Story by thedailydigest.com
The new colonization
While Donald Trump remains mired in negotiations to end the Iran war, the world’s other two superpowers are making significant progress in dominating swathes of the African continent.
The engine of demographic growth
Demographically, Africa’s population is on track to swell from the current 1.5 billion to 2.5 billion by 2050, potentially making it one of the world’s largest consumer markets.
Zero-tariff policy
This has not been lost on China, which has just expanded its zero-tariff policy to cover 53 of Africa’s 54 countries, meaning goods can be traded between those countries and China tax-free.
Taiwan supporters snubbed
The outstanding country, Eswatini – formerly Swaziland – has been shut out of this duty-free zone due to its support for Taiwan, an island which China considers a breakaway province.
Trump trapped
Trump meanwhile is struggling to break free from a trap of his own making.

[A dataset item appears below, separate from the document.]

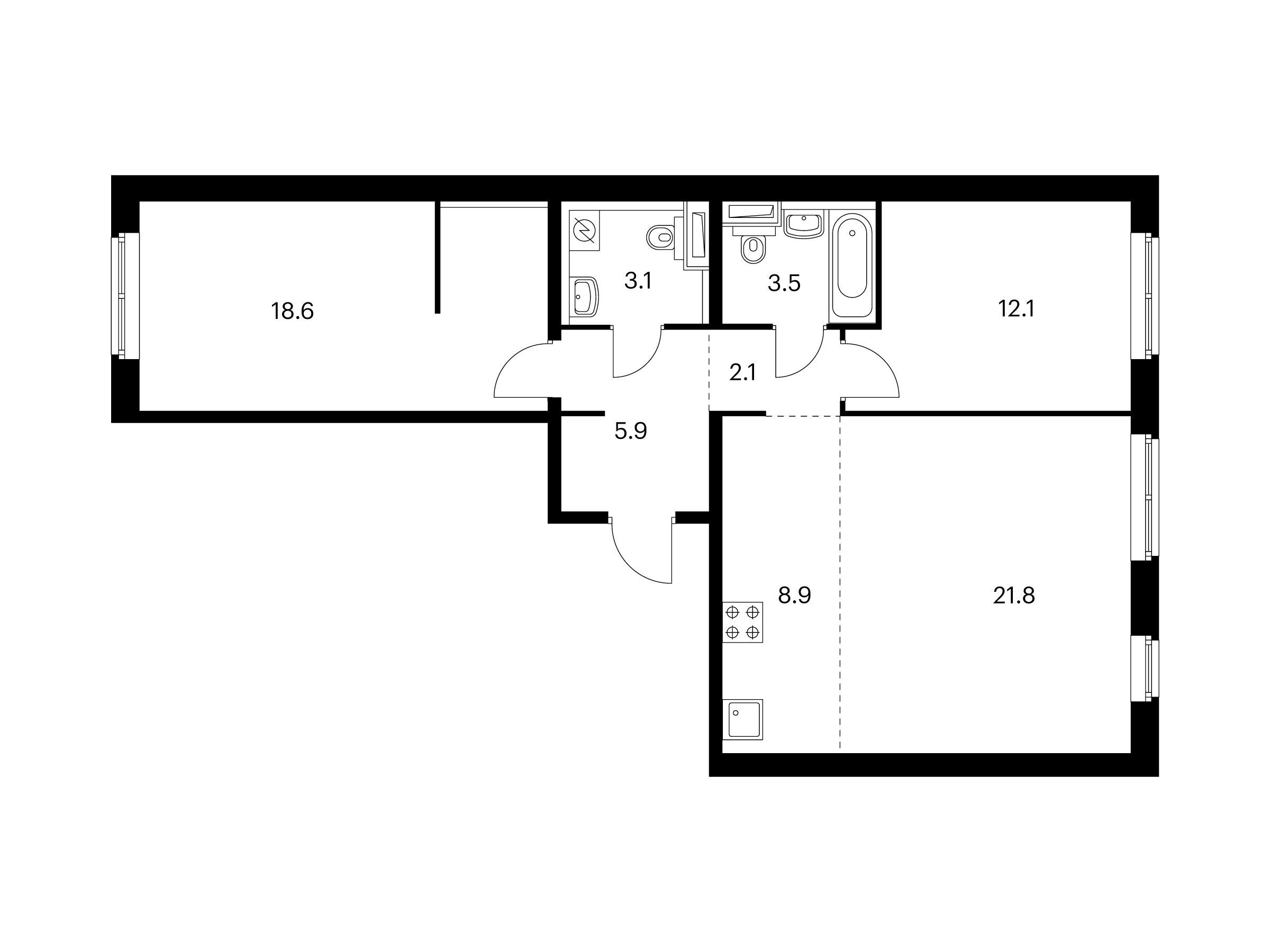 44.3 - 76 м²

His war of choice on Iran has only served to usher in a government more hard-line than its predecessor.
Iran’s bold move
Under Supreme leader Mojtaba Khamenei, Iran has decided to run the risk of alienating the world by closing the Strait of Hormuz, a move his father, Ali Khamenei, refrained from to maintain international legitimacy, according to the Tehran Times.
A time-consuming conundrum
The closure of the strait, which has choked off 20% of the global energy supply as well as interrupted supply chains, is absorbing US attention as the global economy reels.
Opposing versions
Despite repeated claims by the US that a deal is close, this is invariably refuted by Iran, which stated on May 25 that a deal “is not imminent”, the BBC reports.
Advantage Iran
“Iran definitely has the advantage here,” Nicole Grajewski, who teaches at the Center for International Studies at Sciences Po in France and studies Iran’s foreign policy, told the New York Times. “The U.S. is just kind of flailing at the moment.”
Meanwhile, China and Russia are making great strides in Africa, a continent described in Newsweek by Senator Roger Wicker, the Republican chair of the Senate Armed Services Committee, as “not a distant concern for American national security.”
China and Russia’s modus operandi
Wicker believes China to be using “economic coercion, debt diplomacy, and military basing,” while Russia uses “mercenaries and other proxies.”
“Trade over aid”
Rubio depicted this new approach as “trade over aid, opportunity over dependency, and investment over assistance.”
The cobalt gold mine
Chinese companies now own 80% of the Democratic Republic of the Congo’s cobalt, which they take back to China to refine and then sell for battery use to the rest of the world, according to the Central European Chamber of Commerce.
Russia’s arms deals
Russia meanwhile has moved in on Africa’s arms market and was its biggest supplier of arms between 2020 and 2024. The Kremlin also has an eye on an African coastline that would potentially give it influence over the Suez Canal.
A missed opportunity?
While Trump has been playing his cards in the Middle East, the other actors in this big league game have their eyes on a different prize.